"""===================================================
Is the green valley a rainbow mountain in disguise?
===================================================
There's a hill with a green chair, lined by birch, a green valley, if
you will.
It's a place I have spent much time musing about space and time.
This module is about a new mountain, where the jackets are all colours
of the rainbow.
It asks if there is in fact no valley at all, but an illusion of such
due to the assumption that redshift and distance follow an exact
Hubble law.
::
The *green valley* is a wide region separating the blue and red
peaks in the ultraviolet optical color magnitude diagram, first
revealed using GALEX UV photometry.
This is how the green valley galaxies are described by the 2014 paper
of Samir Salim: https://arxiv.org/pdf/1501.01963
Here is an image and caption from the paper:
.. image:: images/samir.png
It is based on observations of distant galaxies in the ultra-violet
spectrum, specifically what is referred to as the NUV-r range.
NUV stands for Near Ultraviolet and -r, I presume, is an indication
that the frequencies have been shifted to make it look like the
familiar red to blue frequency range in light. update: it appears in
the literature that NUV-r is taken as a good indicator of star
formation rate.
In effect, the telescopes making the observations are taking the
temperature of the galaxy being observed, the hotter it is, the bluer
the result.
It is also possible to measure the red-shift, with good precision, of
each galaxy that is observed.
Assuming an exact Hubble law, we can translate redshift into distance.
If it is also assumed that there was a big bang, redshift is used to
estimate the age of the galaxy.
Once we have the distance, we can translate the apparent magnitude into
an absolute magnitude.
Combining this with the age of the galaxy we get an estimate of star
formation rate.
The curious observation is that across a wide range of magnitudes we
see many red galaxies and many blue galaxies, but far fewer in the
green region, a green valley if you will.
The conclusion is that there are two classes of galaxies. Ones that
are actively forming stars and ones that are less active in forming
stars. It is also assumed the transition from active to quiescent
galaxies happens rapidly, hence we see fewer galaxies in this stage.

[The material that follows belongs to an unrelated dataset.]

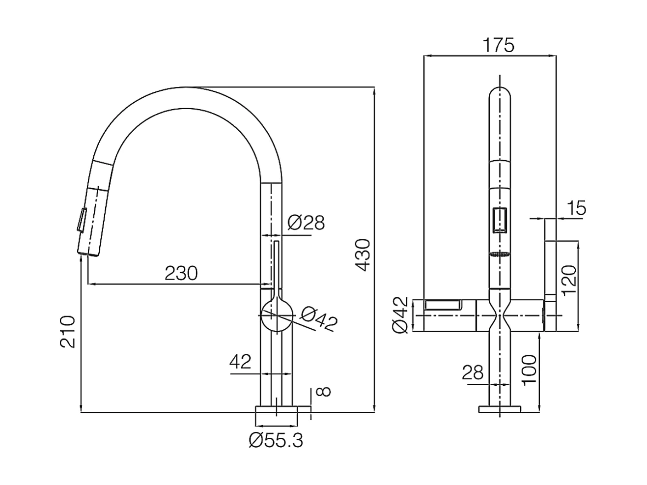 Mitigeur Évier Cuisine/Écran avec douchette extractible chromé - Design moderne – TURIN IMEX

Explaining the Green Valley
---------------------------
What if the relationship between redshift and distance is not in fact
exact?
There is good evidence for this from the Dark Energy Survey, based on
observations of supernovae, that the relation is not exact.
.. image:: images/supernova.png
This is a central theme of :ref:`gotu`. de Sitter Space, a uniformly,
curved space-time, is suggested as a good model for what we see.
In de Sitter Space, the Hubble law only holds asymptotically.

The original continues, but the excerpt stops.